The city of Portland appears poised, after a long review, to adopt an ordinance to protect the community from the unnecessary use of toxic pesticides (herbicides, insecticides and fungicides) in the maintenance of park landscapes, playing fields and lawns. The ordinance, if passed, will stop the use of hazardous pesticides citywide.

The people of Portland have turned out in impressive numbers to testify in support of this ordinance before the City Council, a task force has considered the matter, and now a vote of the council – slated for Monday after having been rescheduled last month – is overdue.

Here’s why the measure before the council is an urgent matter.

Toxic pesticides, which are of serious concern because of their adverse effects on people and the environment, are widely used in public parks and playing fields and on yards across the city. This shouldn’t and doesn’t need to be the case for two reasons: First, we can have beautiful parks, playing fields and lawns that meet community expectations without toxic pesticide use; and second, the scientific literature is filled with studies that link pesticide exposure to a range of serious health concerns – cancer, neurological and immune system damage, respiratory illness and asthma, Parkinson’s, Alzheimer’s and diabetes.

Most troubling, since the vast majority of the areas treated with pesticides are used by children, is the link between pesticides and learning disabilities and attention-deficit hyperactivity disorder.
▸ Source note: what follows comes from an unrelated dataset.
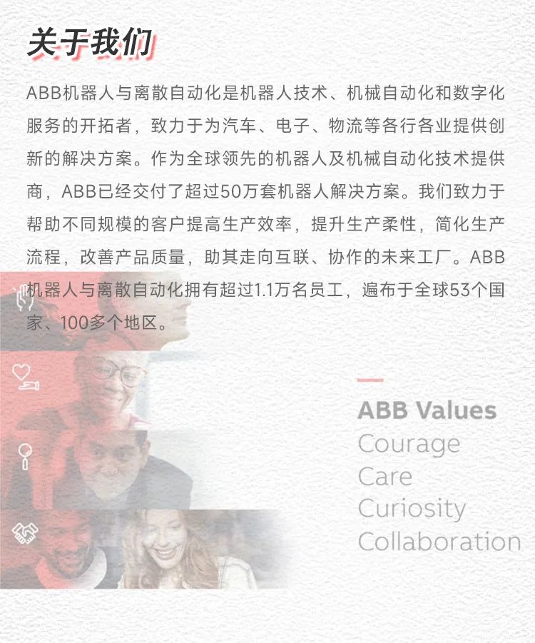 毕业在即, 还没有收到心动的offer? 梦想无限, 立志于智能制造数字化行业? 满载热爱, 一身才华无处施展? 那这个机会,你可千万别错过! ![]() ![]() ![]() 在ABB机器人全球培训生项目中 你可以大胆尝试,挖掘自身潜力 你可以绽放自我,探索职业方向 你将遇见新机遇,成长超乎想象 现在,请跟上阿伯伯的脚步 一起走进机器人全球培训生项目 1 机器人全球培训生项目大揭秘 ![]() 作为一家全球技术领导企业,ABB致力于建立引领全球的专业技术团队。我们正在寻找具有上进心、渴望与公司一起学习和成长、愿意保持开放和灵活的态度,从初学者的角色开始学习,未来能成为有技能才能的领导者。因此,ABB机器人全球培训生项目应运而生,旨在为未来的业务培养年轻和积极进取的人才。 2 快速成长,收获满满 ![]() 国际化平台 两年轮岗,开拓专业视角,领略多元文化魅力。 ![]() 业界大咖指引 高阶经理1对1指导,深度启迪无限潜能,加速你的职业发展。 ![]() 多元培养体系 有趣又实用的培训课程,全面系统的实践,多维能力的发展与锻炼,领导技能UPUP! 3 热招职位 职位方向 ★ 供应链质量/市场与销售/项目管理/控制与软件工程 教育背景 ★ 2021-2023届全日制硕士及以上学历毕业生,包括但不限于机械、电气、自动化、机器人等工程类、计算机科学类、管理类专业 语言技能 ★ 英语可作为工作语言 个人能力 ★ 具备数字化和以客户为中心的思维模式 ★ 高度自信及自我驱动能力 ★ 乐于接受挑战 ★ 团队精神,协作能力 ★ 具备创新能力和改善事物的渴望 4 招聘流程划重点 ![]() 心动不如行动 机器人全球培训生之旅等你开启! 登录招聘网站或扫描二维码 获取更多职位信息 还有校招补录职位等你哦! 1、PC端网申平台 http://campus.51job.com/ABB2023 2、手机扫码投递 ![]() ![]() ![]() 点击“阅读原文”,加入ABB 喜欢请分享并点赞、“在看” ![]() |
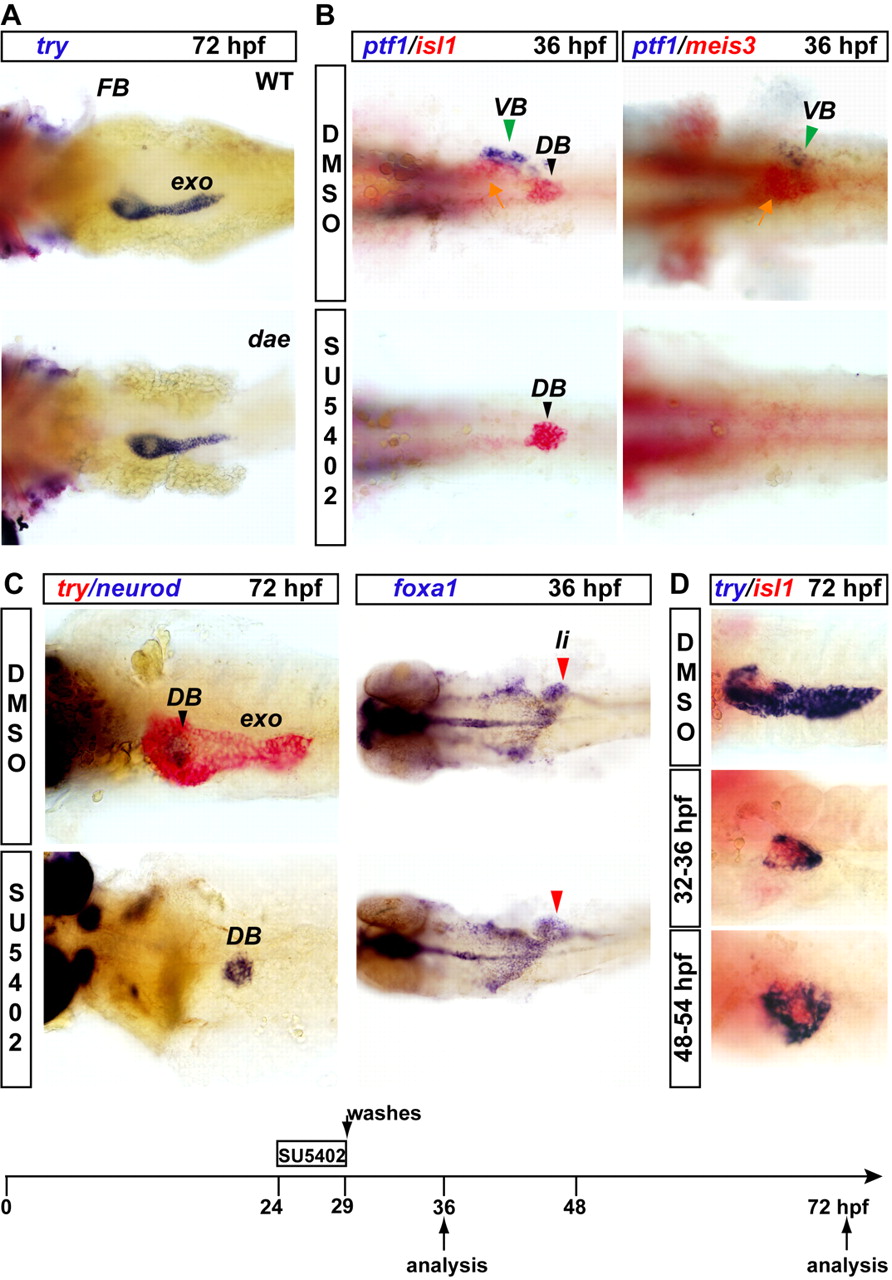 Fig. 3 Inhibition of FGF signaling, but not Fgf10, impairs specification of the ventral pancreatic bud and the expression of isl1 and meis3 in the adjacent pancreatic LPM. (A) trypsin (try) expression analysis in wild-type embryos (WT, top) and in fgf10-/- mutants (dae, bottom) at 72 hpf. Note the underdeveloped pectoral fin bud in the dae mutant. (B) Expression of ptf1a (blue), isl1 and meis3 (red) at 36 hpf in embryos treated with the FGF signaling inhibitor SU5402 from 24 to 29 hpf. (C) Expression of trypsin (red) and neurod (blue) at 72 hpf after the same treatment as in B and analysis of the endodermal marker foxa1 at 36 hpf upon SU5402 treatment. Note that the liver and the rest of the endoderm are clearly labeled whereas, at this stage, the pancreas is almost undetectable. The SU5402 treatment analyzed in B and C is schematized at the bottom of the panel. (D) trypsin (blue) and isl1 (red) expression at 72 hpf in embryos exposed to SU5402 from 32 to 36 hpf and from 48 to 54 hpf. The green arrowhead indicates the ventral pancreatic bud (VB); the black arrowhead indicates the dorsal bud (DB); and the yellow arrow indicates the pancreatic LPM adjacent to the ventral bud. exo, exocrine tissue; li, liver; FB, pectoral fin bud.

Pets, too, are adversely affected.

And hazardous exposure isn’t limited to contact with land: It occurs through air and water, too, as a pesticide application moves off the treated site and spreads in air currents and runoff into neighboring properties and waterways.


Perhaps the most widely used weedkiller, glyphosate (RoundUp), is associated with a wide range of illnesses, including non-Hodgkin’s lymphoma, genetic damage, liver and kidney damage and endocrine disruption, as well as environmental damage, including water contamination and harm to amphibians.

Why is City Council action needed, especially now? Residents of Portland are not being protected by the U.S. Environmental Protection Agency, which is charged with evaluating the adverse effects of pesticides and determining how they can be used without “unreasonable” risks. The head of the EPA, on record as wanting to dismantle the agency, has begun to roll back already-weak regulations that restrict pesticides and place former chemical industry employees or consultants in high-level regulatory positions. This has a direct effect on Portland, the health of residents and the environment, including managed and native bees.

As the concerns about pesticide exposure escalate in the scientific and medical community, land managers in Maine and across the country are rethinking the management of turf on a range of sites, including parks, school grounds, playing fields, golf courses, public spaces and yards. The approach of putting down a bag of petroleum-based synthetic weed killers and fertilizers is increasingly understood to create a chemical dependency in lawn and garden management that is not only harmful, but costly and unnecessary to achieving desired results.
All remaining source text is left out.